**HOW TO COMPLETE THIS TASK:**
Give the lines again exactly as they appear below, from the line with "没错,从操作系统层看程序运行时的数据流的话,是有 「等待数据 --- 数据拷贝到内核空间" to the line with "Silk, maroon colored", both included, and only those lines. Leave every picture out.

**RECORDS PROVIDED:**
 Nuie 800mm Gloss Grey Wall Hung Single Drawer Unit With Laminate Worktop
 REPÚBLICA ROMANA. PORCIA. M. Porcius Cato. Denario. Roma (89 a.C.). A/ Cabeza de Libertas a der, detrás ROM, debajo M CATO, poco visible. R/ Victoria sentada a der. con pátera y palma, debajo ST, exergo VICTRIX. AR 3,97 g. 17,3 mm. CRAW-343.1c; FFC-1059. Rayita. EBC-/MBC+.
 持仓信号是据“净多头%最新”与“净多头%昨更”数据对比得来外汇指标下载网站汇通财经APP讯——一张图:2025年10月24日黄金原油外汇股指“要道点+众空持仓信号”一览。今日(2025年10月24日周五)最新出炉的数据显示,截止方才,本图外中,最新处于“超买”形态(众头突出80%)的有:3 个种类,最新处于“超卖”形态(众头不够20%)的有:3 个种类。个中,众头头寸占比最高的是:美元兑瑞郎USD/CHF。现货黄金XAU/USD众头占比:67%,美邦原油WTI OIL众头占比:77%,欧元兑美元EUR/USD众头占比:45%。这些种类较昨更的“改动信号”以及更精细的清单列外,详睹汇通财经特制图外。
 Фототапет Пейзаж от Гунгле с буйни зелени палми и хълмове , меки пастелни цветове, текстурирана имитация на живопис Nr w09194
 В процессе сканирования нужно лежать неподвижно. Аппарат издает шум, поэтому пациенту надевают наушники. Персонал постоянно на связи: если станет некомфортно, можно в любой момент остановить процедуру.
---
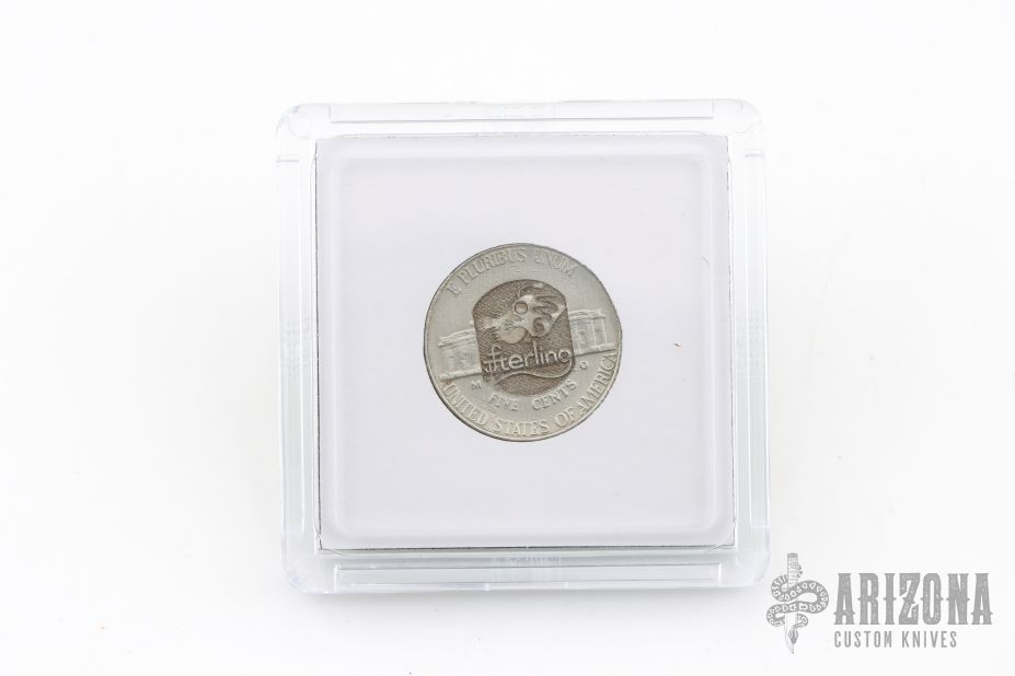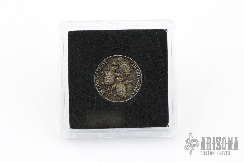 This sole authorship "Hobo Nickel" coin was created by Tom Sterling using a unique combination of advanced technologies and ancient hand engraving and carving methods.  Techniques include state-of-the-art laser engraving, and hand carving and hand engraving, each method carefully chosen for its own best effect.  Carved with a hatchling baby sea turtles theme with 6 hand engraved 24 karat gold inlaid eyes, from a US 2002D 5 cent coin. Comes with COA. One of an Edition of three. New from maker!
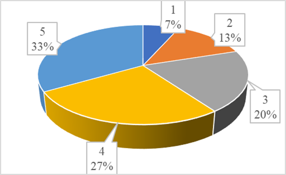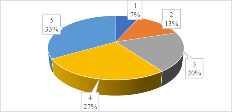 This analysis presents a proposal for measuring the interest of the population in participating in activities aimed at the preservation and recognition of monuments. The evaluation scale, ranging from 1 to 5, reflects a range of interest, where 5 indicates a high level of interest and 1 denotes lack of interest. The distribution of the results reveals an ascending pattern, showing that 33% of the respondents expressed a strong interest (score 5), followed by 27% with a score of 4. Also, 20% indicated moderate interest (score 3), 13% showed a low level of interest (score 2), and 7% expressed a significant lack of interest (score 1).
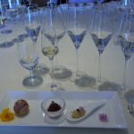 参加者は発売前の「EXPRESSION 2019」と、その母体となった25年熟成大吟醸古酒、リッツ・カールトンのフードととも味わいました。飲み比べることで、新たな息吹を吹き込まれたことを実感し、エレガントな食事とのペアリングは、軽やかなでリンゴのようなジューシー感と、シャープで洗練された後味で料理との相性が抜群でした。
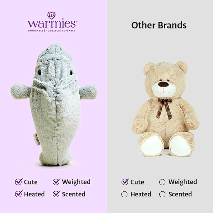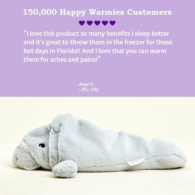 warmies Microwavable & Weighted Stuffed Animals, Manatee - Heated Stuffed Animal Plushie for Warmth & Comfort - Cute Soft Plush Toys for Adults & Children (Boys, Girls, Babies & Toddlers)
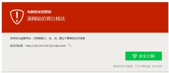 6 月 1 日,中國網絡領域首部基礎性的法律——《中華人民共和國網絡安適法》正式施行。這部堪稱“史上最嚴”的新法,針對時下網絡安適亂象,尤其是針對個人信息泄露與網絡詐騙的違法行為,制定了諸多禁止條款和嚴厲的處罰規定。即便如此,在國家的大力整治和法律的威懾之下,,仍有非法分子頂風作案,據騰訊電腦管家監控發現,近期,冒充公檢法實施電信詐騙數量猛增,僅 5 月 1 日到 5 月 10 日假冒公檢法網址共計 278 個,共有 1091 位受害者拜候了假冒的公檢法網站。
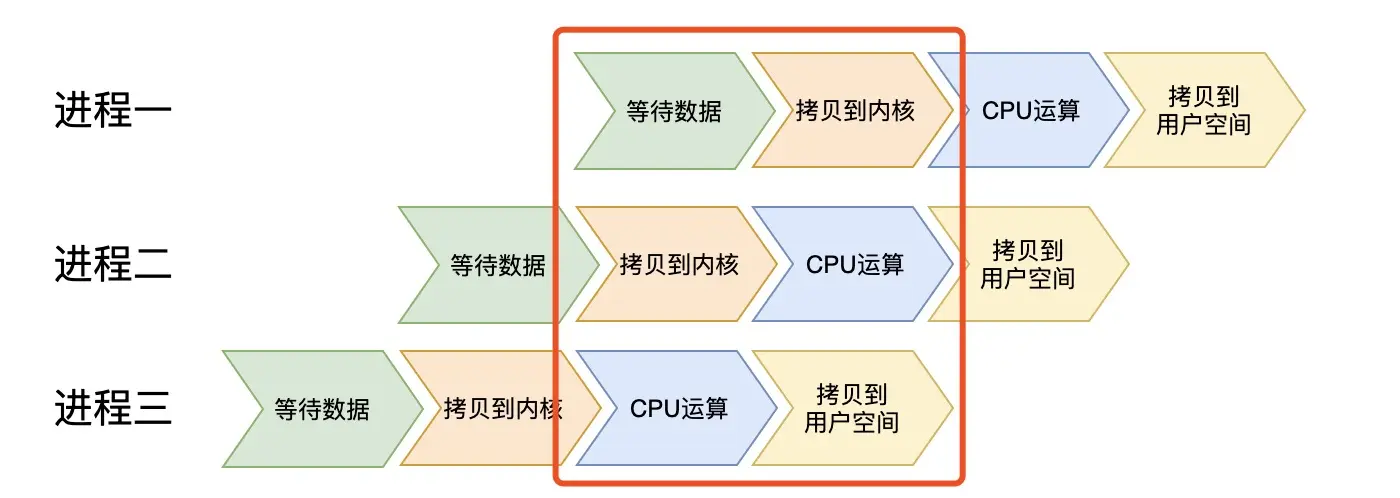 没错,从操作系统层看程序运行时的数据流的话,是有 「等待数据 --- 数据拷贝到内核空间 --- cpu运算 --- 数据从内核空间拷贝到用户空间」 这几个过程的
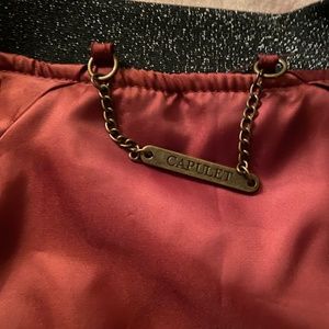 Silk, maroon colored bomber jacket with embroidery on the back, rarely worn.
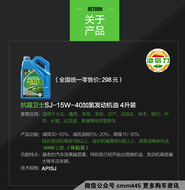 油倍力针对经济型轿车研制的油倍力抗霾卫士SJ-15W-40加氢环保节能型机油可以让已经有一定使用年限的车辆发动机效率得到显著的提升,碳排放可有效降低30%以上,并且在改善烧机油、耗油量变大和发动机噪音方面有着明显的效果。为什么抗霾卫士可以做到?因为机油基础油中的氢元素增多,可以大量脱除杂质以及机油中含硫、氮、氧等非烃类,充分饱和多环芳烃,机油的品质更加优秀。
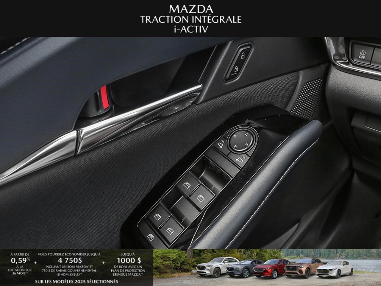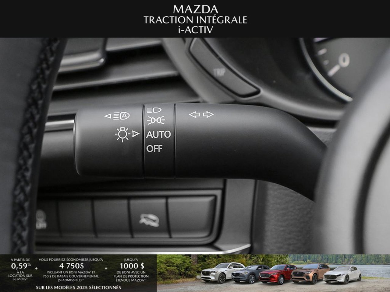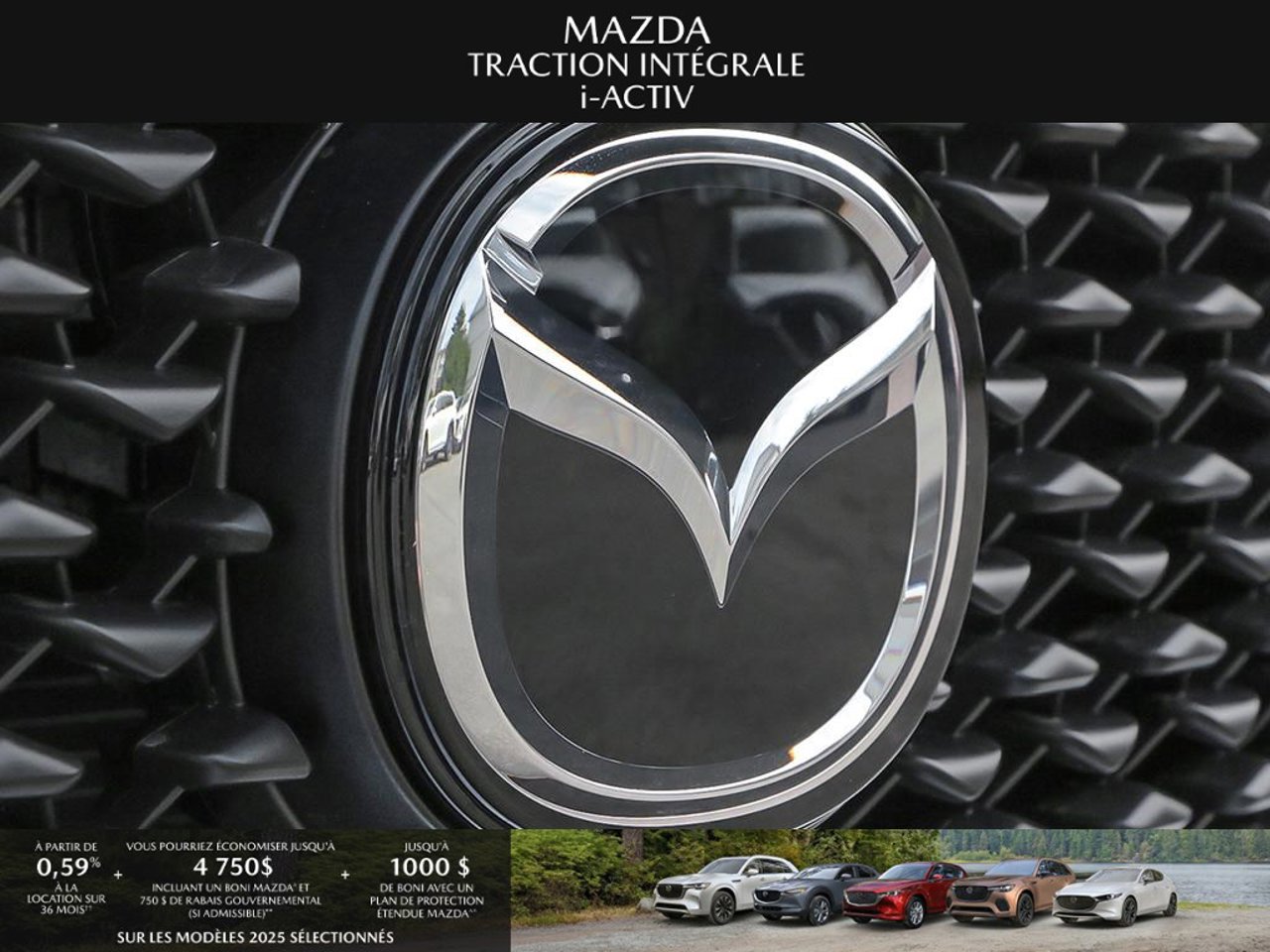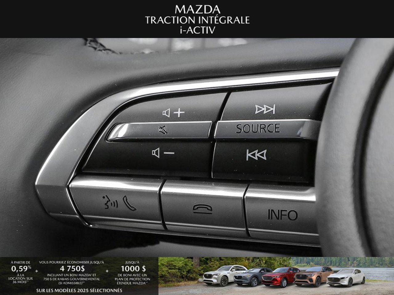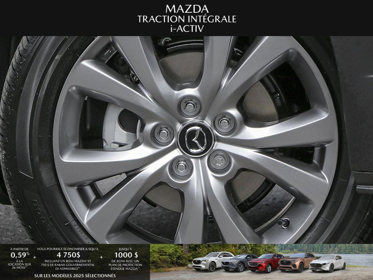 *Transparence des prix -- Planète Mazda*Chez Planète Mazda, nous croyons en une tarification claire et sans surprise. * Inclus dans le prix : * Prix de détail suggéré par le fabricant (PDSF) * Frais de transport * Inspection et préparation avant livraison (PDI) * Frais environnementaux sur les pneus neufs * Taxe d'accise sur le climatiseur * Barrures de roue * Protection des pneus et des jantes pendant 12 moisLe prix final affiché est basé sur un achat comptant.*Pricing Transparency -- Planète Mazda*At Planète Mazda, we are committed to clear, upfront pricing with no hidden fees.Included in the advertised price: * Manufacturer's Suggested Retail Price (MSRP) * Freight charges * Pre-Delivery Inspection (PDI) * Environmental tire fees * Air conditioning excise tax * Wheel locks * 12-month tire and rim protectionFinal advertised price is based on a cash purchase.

**SOLUTION TO THE EXERCISE:**
 没错,从操作系统层看程序运行时的数据流的话,是有 「等待数据 --- 数据拷贝到内核空间 --- cpu运算 --- 数据从内核空间拷贝到用户空间」 这几个过程的
 Silk, maroon colored bomber jacket with embroidery on the back, rarely worn.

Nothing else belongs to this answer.